Grande Cucina

L’Alfabeto di Ellegì di Licia Granello. I come Ingrediente perduto

C'è stato un tempo in cui la semplicità del cibo era considerata un difetto, la mancanza di esotismi un limite, l'ingrediente di prossimità banale.

Erano gli anni ’70. Il boom economico del decennio precedente aveva sancito in modo irrevocabile la fine dell’economia di guerra a colpi di fettine di vitello e pasticcini domenicali. Il passo successivo si era tradotto nel trionfo di salmone e champignon, rucola e panna, su su fino al risotto con le fragole, senza contezza di stagionalità o tipologie di coltivazione.

Una sorta di rivisitazione di quanto succedeva nel Rinascimento, quando spezie del Nuovo mondo e stranezze culinarie abitavano pranzi e banchetti, certificando il potere e la posizione sociale dei padroni di casa.

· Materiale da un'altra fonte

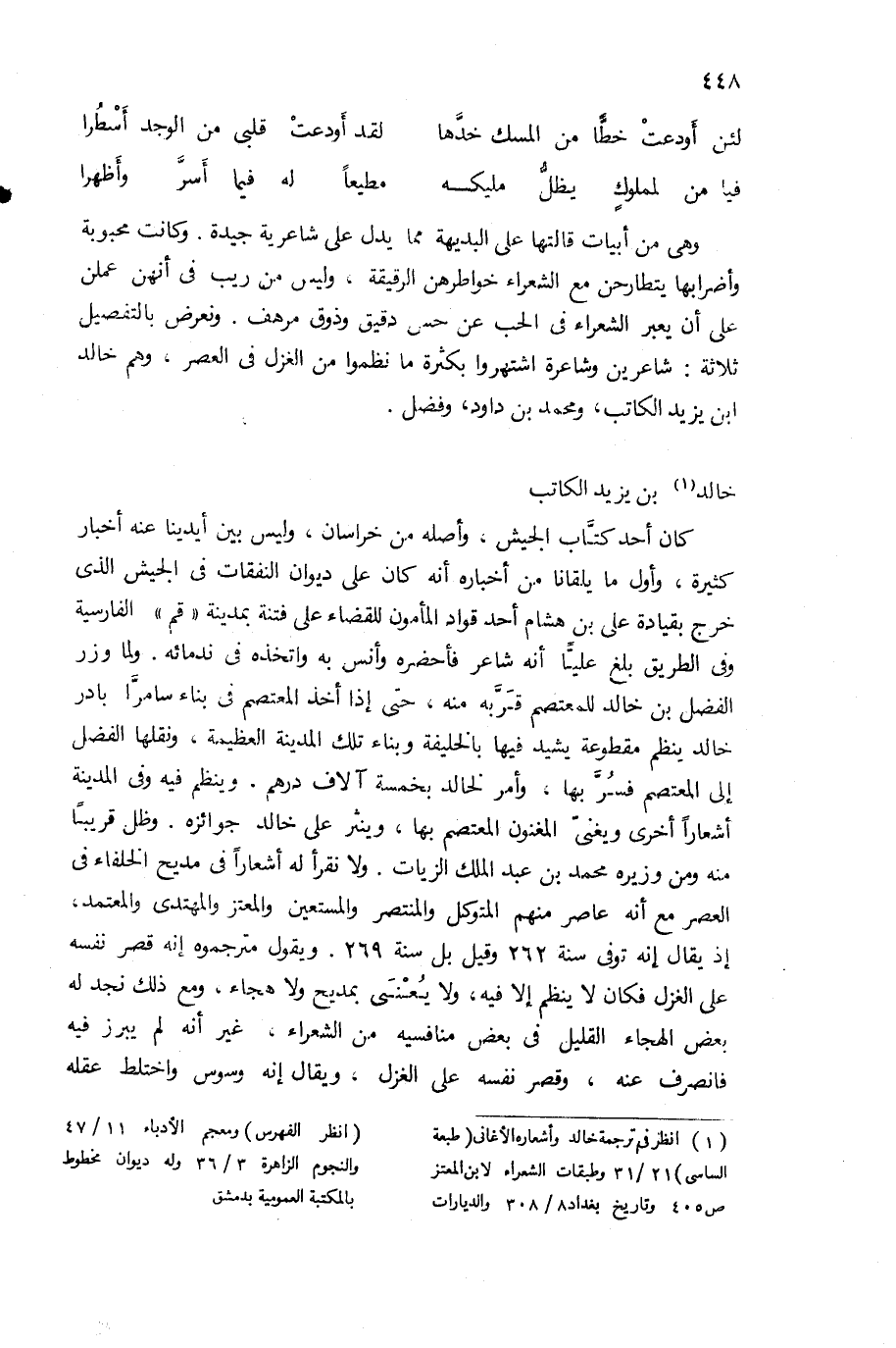 (¬1) انظر فى ترجمة خالد وأشعاره الأغانى (طبعة الساسى) 21/ 31 وطبقات الشعراء لابن المعتز ص 405 وتاريخ بغداد 8/ 308 والديارات (انظر الفهرس) ومعجم الأدباء 11/ 47 والنجوم الزاهرة 3/ 36 وله ديوان مخطوط بالمكتبة العمومية بدمشق

La scommessa del Don Alfonso

In direzione ostinata e contraria – per dirla con De Andrè – pochi, pochissimi cuochi, impermeabili alla tentazione di affascinare i clienti figli della nuova borghesia a colpi di penne salmone e Vodka.

Alfonso Iaccarino con la moglie Livia sono stati forse i primi della lista.

Quando in Costiera imperversavano gli improbabili piatti della (malintesa) nouvelle cuisine, hanno recuperato il San Marzano originario, avviato il paradiso agricolo di Punta Campanella e messo in menu gli spaghetti al pomodoro fresco, scommessa tanto folle quanto vincente.

Aglio orsino e peperone crusco

Il tempo ha premiato la loro follia, il ristorante è diventato meta imperdibile per gourmet di tutto il mondo.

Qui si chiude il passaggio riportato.